Strengths of this study include the randomised controlled study design, the low rates of attrition and missing data, the objective assessment of cutaneous microvascular reactivity, and the close adherence to the exercise and usual care interventions. Limitations include the relatively small sample size (which precluded detailed investigation of the relationship between exercise-induced improvements in cutaneous microvascular reactivity and ulcer healing), the short-term follow-up (which precluded investigation of cutaneous microvascular adaptations occurring after the exercise programme), and a lack of data exploring the mechanisms underpinning the observed differences and changes in microvascular responsiveness to ACh and SNP. Regarding the latter, further research is warranted to determine the extent to which vascular structural changes in venous disease influence the non-invasive estimates of microvascular function and their clinical significance. An additional limitation was that a lower-extremity venous duplex evaluation was not conducted at baseline to characterise each participant’s venous insufficiency. Nevertheless, the results are representative of what might be expected in a mixed outpatient population.

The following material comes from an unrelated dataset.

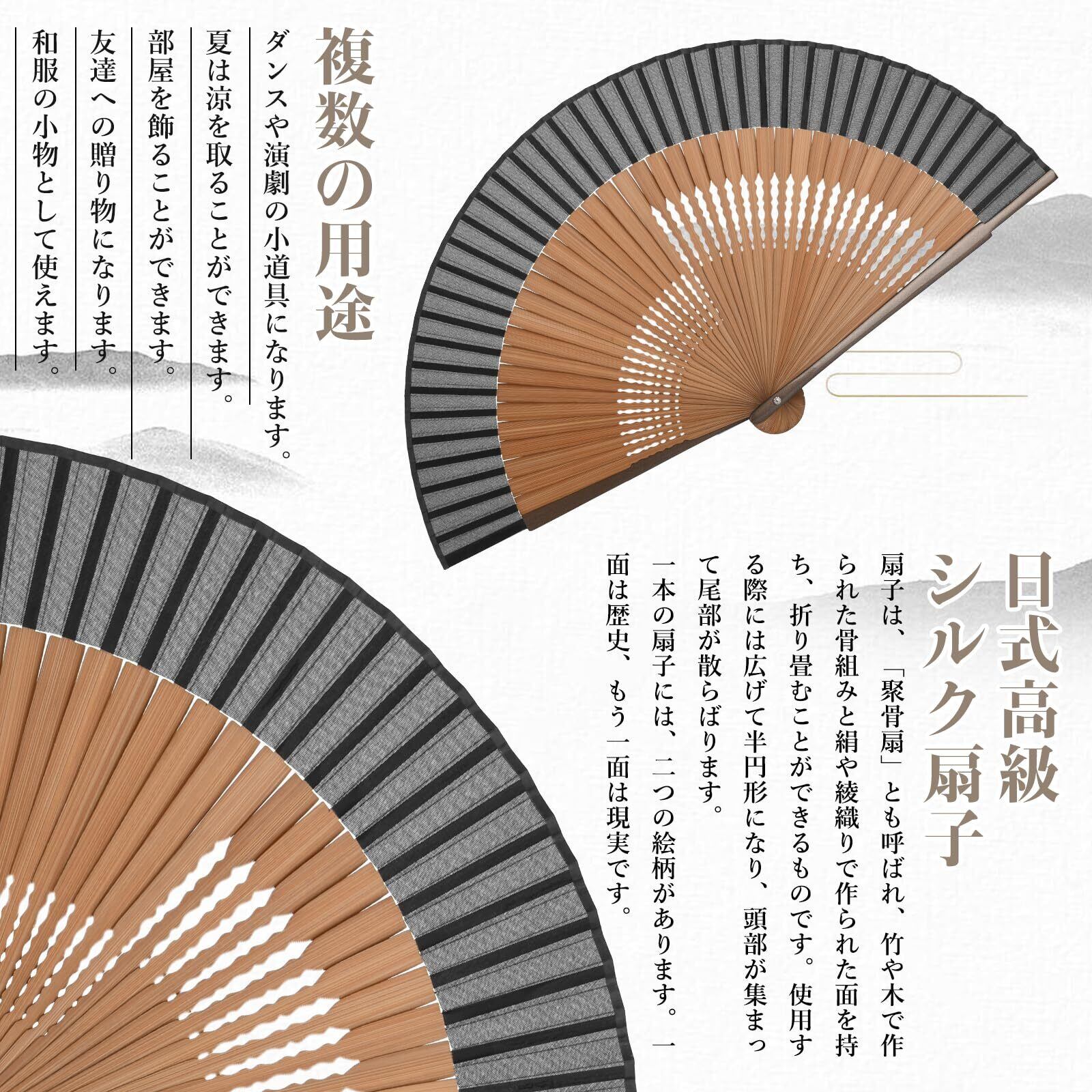 【ポータブルで持ち運びが簡単】この扇子は折りたたみ可能で、コンパクトな構造であり、重量はわずか35グラムです。ギフトボックスと収納袋が付属しており、扇子を保護するだけでなく、贈り物にも使えます。

In summary, we observed an impairment of cutaneous microvascular reactivity in the gaiter area of legs with venous ulcers that was abolished following a 12-week programme of aerobic and resistance exercise. Although the precise mechanisms of these vascular adaptations are unclear, it is possible that exercise training-induced improvements in lower-limb cutaneous microvascular reactivity may facilitate the healing of venous leg ulcers. An appropriately powered trial is needed to clarify the effects of adjunctive exercise training on the healing rates of venous ulcers and the role of different microvascular adaptations in the healing process.